The scene in the painting shows a woman lying in bed. On one side of her is a doctor taking her pulse and recording something. On the other side, there’s a nun holding a child. The figures represent two different kinds of help. The doctor stands for science or medicine, while the nun and child represent charity or faith-based care. The title, Science and Charity, names both of these.

Picasso’s father, José Ruiz Blasco, was an art teacher who taught him to draw and paint. Picasso started learning formal art techniques from a young age. He spent time at the Escola de Belles Arts in Barcelona, where his father also taught. By the time he was a teenager, he had already learned the traditional academic approach to painting, including how to build a composition and how to use light and shadow.

This painting was made during a period when young artists were expected to copy classical models and master academic painting before experimenting with new styles. Science and Charity was exhibited in local art shows in Spain and received awards. The people in the painting were modeled from real life—Picasso used his father as the doctor figure.

The painting’s style follows the realist tradition. The figures are shown with lifelike detail, and the setting includes recognizable objects like the iron bed frame and the glass bottle, which help place the scene in a hospital or home care environment from the late 1800s. There are no symbolic objects beyond the figures themselves and their positions. The nun and the child were often used in art of this time to suggest care or religious support, but Picasso doesn’t include any supernatural imagery.


 


This painting was made around the time Picasso finished his formal training as an art student. The subject he chose connects to an earlier tradition in painting—specifically, he’s referencing a theme that artists like Édouard Manet explored. One example is Manet’s The Absinthe Drinker, painted in the 1850s. That subject—a lone person drinking absinthe, a strong alcoholic drink that was also believed to have mind-altering effects—appears in several 19th-century works. Absinthe was popular among some writers and artists, who thought it helped spark creativity.

Picasso's version of the absinthe drinker shows he’s working with the same idea, but using a very different style. Instead of repeating Manet’s approach, Picasso uses what would have been considered a non-traditional or modern visual language at the time. While Manet’s work focused more on realism and used careful shading and proportion, Picasso distorts the figure. He uses flat shapes, strong outlines, and highly saturated colors that aren’t naturalistic. These choices are similar to what artists like Paul Gauguin and Vincent van Gogh were doing in the late 1800s—Gauguin, for instance, often used flat color fields and heavy outlines, and Van Gogh used thick, energetic brushwork and intense colors.

In this painting, Picasso uses a female figure instead of a male one, and the composition is more stylized. The figure is drawn in a way that ignores strict anatomical accuracy, with simplified shapes and exaggerated features. This kind of distortion hadn’t really appeared in European art before, at least not in a deliberate and structured way. There’s also influence from ukiyo-e, a kind of Japanese printmaking that became widely collected in Europe in the late 1800s. These prints often used flattened space and bold outlines, and they helped European artists rethink how to compose an image.

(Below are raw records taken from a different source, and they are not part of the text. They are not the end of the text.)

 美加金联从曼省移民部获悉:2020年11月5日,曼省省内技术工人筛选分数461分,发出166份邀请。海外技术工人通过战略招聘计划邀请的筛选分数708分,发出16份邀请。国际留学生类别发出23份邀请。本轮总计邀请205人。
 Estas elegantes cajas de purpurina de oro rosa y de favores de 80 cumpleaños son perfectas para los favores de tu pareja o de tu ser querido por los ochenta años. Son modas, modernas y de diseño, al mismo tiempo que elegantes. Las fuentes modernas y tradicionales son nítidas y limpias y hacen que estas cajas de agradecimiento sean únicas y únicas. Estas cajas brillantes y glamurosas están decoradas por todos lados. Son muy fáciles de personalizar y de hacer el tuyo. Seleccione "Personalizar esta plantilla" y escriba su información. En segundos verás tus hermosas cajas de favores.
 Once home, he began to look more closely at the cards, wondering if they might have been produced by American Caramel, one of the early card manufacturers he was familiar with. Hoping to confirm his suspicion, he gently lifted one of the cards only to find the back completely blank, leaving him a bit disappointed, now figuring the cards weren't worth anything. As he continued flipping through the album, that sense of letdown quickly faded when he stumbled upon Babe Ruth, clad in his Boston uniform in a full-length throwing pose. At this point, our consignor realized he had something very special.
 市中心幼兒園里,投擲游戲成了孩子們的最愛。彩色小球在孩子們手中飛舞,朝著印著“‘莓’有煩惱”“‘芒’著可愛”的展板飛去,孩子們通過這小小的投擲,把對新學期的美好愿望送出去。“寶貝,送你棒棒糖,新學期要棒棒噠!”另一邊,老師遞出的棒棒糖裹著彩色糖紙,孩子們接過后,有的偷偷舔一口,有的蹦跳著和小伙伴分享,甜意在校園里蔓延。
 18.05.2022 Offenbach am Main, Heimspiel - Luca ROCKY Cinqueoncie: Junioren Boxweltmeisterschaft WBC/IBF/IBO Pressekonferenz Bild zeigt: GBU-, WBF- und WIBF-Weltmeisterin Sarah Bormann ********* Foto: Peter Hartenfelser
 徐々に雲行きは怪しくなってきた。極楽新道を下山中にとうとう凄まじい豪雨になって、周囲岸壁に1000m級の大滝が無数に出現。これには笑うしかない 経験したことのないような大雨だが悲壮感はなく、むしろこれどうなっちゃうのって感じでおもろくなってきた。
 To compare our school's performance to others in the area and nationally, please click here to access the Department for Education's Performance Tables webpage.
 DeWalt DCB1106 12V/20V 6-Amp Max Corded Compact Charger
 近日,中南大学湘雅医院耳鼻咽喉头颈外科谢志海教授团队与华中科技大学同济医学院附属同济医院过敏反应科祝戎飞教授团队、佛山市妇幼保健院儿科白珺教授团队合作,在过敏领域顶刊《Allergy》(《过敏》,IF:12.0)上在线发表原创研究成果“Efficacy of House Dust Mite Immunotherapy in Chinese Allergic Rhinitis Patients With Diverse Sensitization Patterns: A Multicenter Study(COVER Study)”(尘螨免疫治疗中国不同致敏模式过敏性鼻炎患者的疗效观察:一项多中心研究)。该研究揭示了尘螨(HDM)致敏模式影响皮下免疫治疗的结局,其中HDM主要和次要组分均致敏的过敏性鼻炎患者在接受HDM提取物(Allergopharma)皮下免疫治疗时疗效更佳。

By the early 1900s, photography had made it easier to capture realistic images, so painters were no longer expected to just copy the world as it looked. This gave artists like Picasso more room to explore personal or symbolic uses of color and form. His use of distortion wasn’t accidental—it was a conscious decision to break from earlier rules and experiment with how figures could be represented. The choice to make the figure look simplified or childlike doesn’t mean it was unskilled; Picasso had already shown he could paint with realism earlier in his life. Instead, this approach reflects a shift in what painting could be used for.